» Task
Each line of the listing below must be retyped exactly, with images left out.

*** Provided data ***

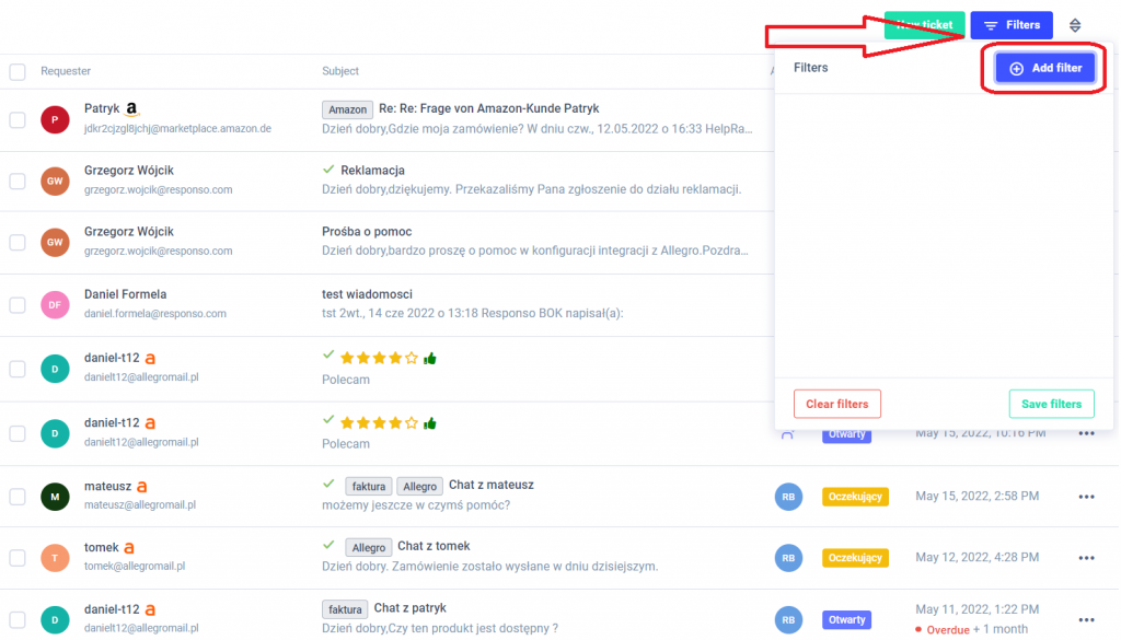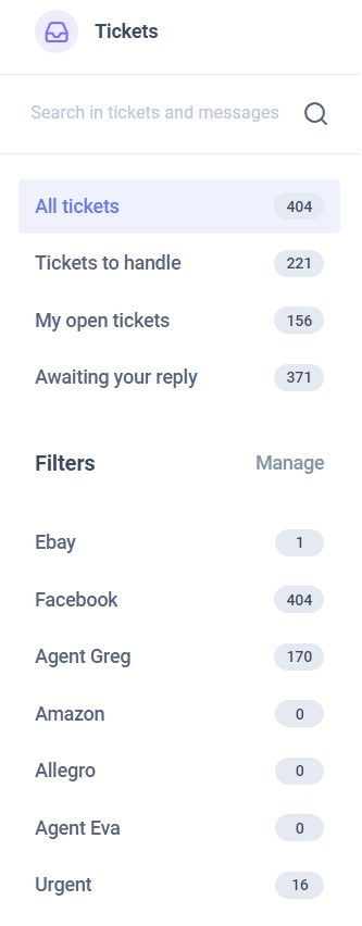 Filters are very important to find the desirable messages easily and quickly. In the Responso system, we have added the ability to donate and save your filters. Quick access is possible through the list of your filters in the left navigation menu in the Inbox:
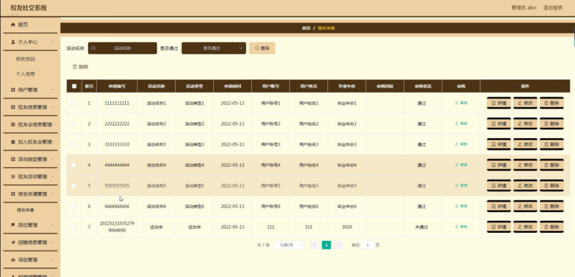 报名申请管理,在报名申请管理页面可以对索引、申请编号、活动名称、活动类型、申请时间、用户账号、用户姓名、毕业年份、审核回复、审核状态、审核等内容进行详情、修改或删除等操作,如图5-12所示。
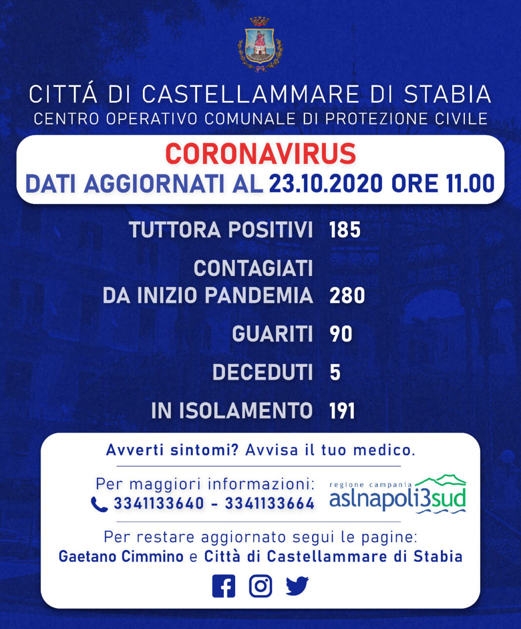 In linea con l’incremento complessivo dei contagi nella Regione Campania, il computo totale della città stabiese si è aggiornato nuovamente in un’importante crescita: su un totale di 280 contagiati da inizio pandemia, sono 90 i guariti, 5 i deceduti e ben 185 i tuttora positivi. Sono disposti in regime di quarantena, invece, 191 cittadini stabiesi.

***

» Answer section
 Filters are very important to find the desirable messages easily and quickly. In the Responso system, we have added the ability to donate and save your filters. Quick access is possible through the list of your filters in the left navigation menu in the Inbox:
 报名申请管理,在报名申请管理页面可以对索引、申请编号、活动名称、活动类型、申请时间、用户账号、用户姓名、毕业年份、审核回复、审核状态、审核等内容进行详情、修改或删除等操作,如图5-12所示。
 In linea con l’incremento complessivo dei contagi nella Regione Campania, il computo totale della città stabiese si è aggiornato nuovamente in un’importante crescita: su un totale di 280 contagiati da inizio pandemia, sono 90 i guariti, 5 i deceduti e ben 185 i tuttora positivi. Sono disposti in regime di quarantena, invece, 191 cittadini stabiesi.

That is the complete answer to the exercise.